Lane Center for Computational Biology Seminar
- Gates&Hillman Centers
- KATHRYN ROEDER
- Department of Statistics
- Carnegie Mellon University
Statistics and Genetics Open a Window into Autism
Rare variants identified from DNA sequence, especially de novo loss of function (LoF) mutations, have identified genes involved in risk for autism spectrum disorders (ASD). Multiple de novo LoF mutations in the same gene demonstrate that gene affects risk. De novo mutations occur twofold more often in ASD probands than their siblings, implying that half of the genes hit are risk genes. He et al. (2013) extract more information by using a statistical model, called TADA for Transmission And De novo Association, that integrates data from family and case-control studies to infer the likelihood a gene affects risk. Still, given limited sequence data, can we garner yet more information? Progress has been made as part of a collaborative effort to develop systems biological approaches to understanding ASD pathophysiology. Using ASD risk genes as foci, we hypothesize that genes expressed at the same developmental period and brain region, and with highly correlated co-expression, are functionally interrelated and more likely to affect risk. To find these genes we model two kinds of data: gene co-expression in specific brain regions and periods of development; and the TADA results from published sequencing studies. We model the ensemble data as a Hidden Markov Random Field, in which the graph structure is determined by gene co-expression and the model combines these interrelationships with node-specific observations: gene identity; expression; genetic data; and whether it affects risk, which will be estimated. This analysis identifies ~100 genes that plausibly affect risk, many novel and others implicated despite relatively weak genetic evidence. We will describe how these results can be used to expand our understanding of the genetics of ASD (e.g., nominating genes for targeted sequencing in new samples) and ASD neurobiology.

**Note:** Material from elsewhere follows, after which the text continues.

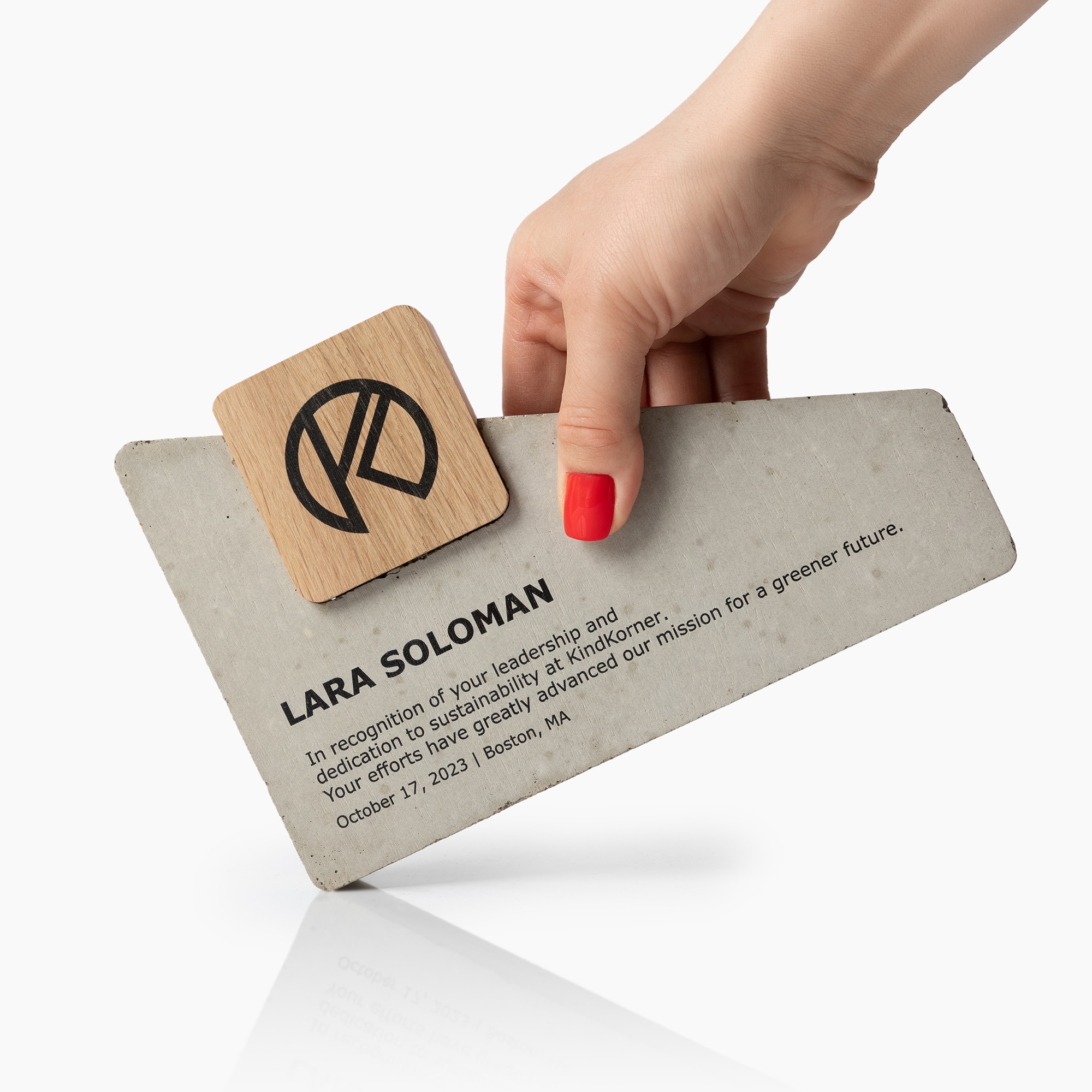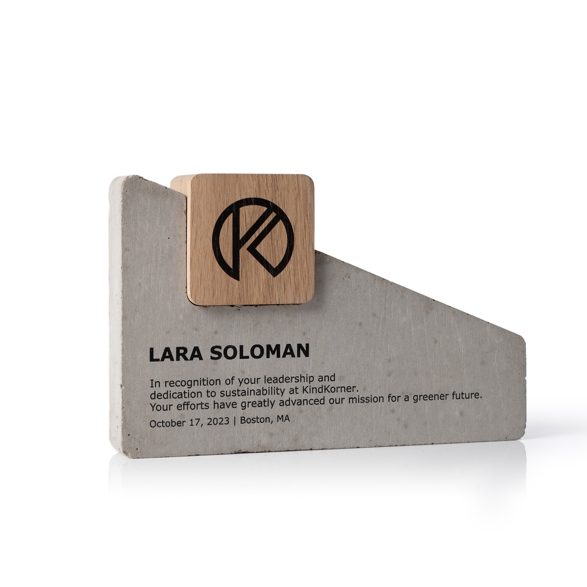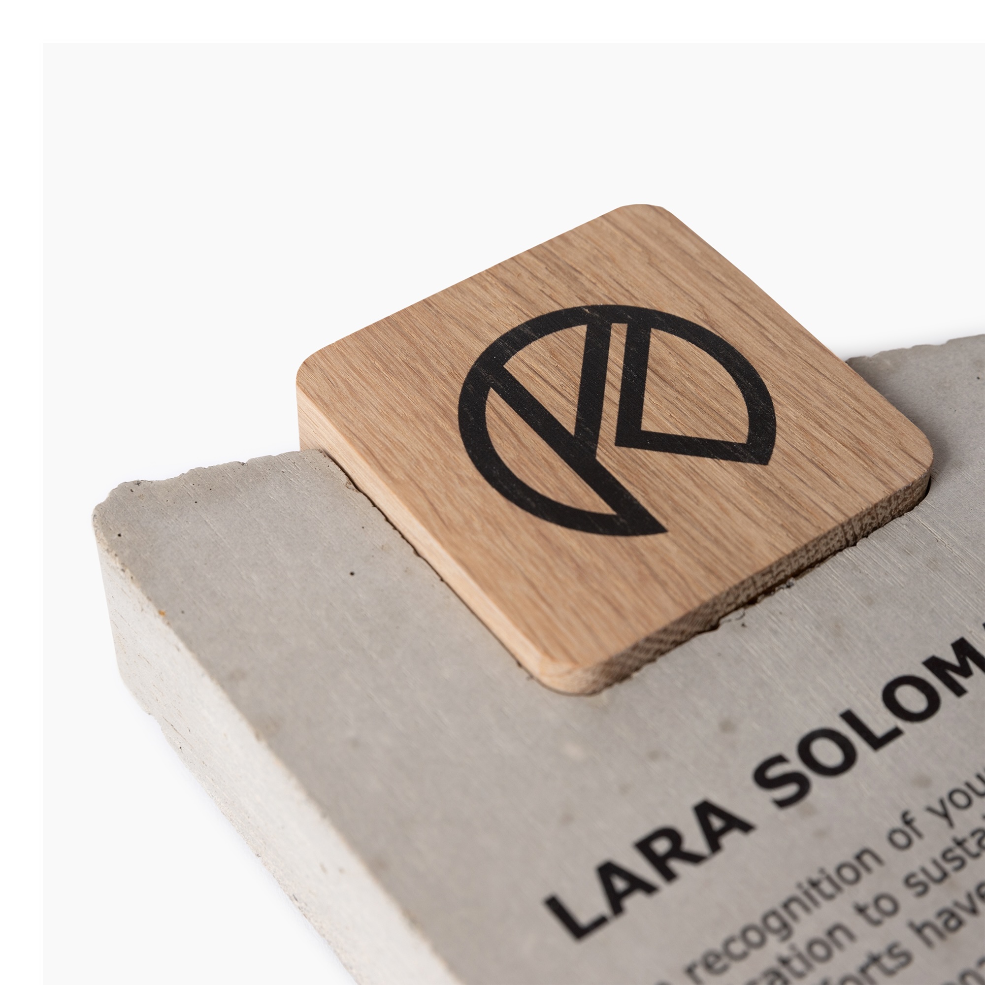 Rankų darbo betono ir ąžuolo trofėjus, išsiskiriantis modernia, skulptūriška forma ir šiuolaikišku dizainu. Natūralaus ąžuolo šiluma puikiai dera su tvirto betono solidumu, sukuriant minimalistinį, tačiau išraiškingą apdovanojimo charakterį.

Kathryn Roeder is Professor of Statistics and Computational Biology. Currently her work focuses on statistical genetics and the genetic basis of complex disease. Her group has published extensively on methods for gene mapping and the genetics of autism. Roeder’s career began in the biological sciences, during which time she spent a year living in the wilderness regions of the Pacific Northwest as a research assistant for the Department of Wildlife Resources. In 1988 she received her Ph.D. in Statistics from Pennsylvania State University. Next she spent 6 years on the Statistics faculty at Yale University where she played a pivotal role developing the foundations of DNA forensic inference. In 1994 Roeder joined the Department of Statistics at Carnegie Mellon University. She has developed statistical methods in a wide spectrum of areas, including high dimensional inference, mixture models and nonparametric statistics. She has served as an associate editor of JASA, Biometrics and American Journal of Human Genetics. She is an elected fellow of the American Statistical Association and the Institute of Mathematical Statistics. In 1997 she received the COPSS Presidents award and the Snedecor Award for outstanding work in statistical applications.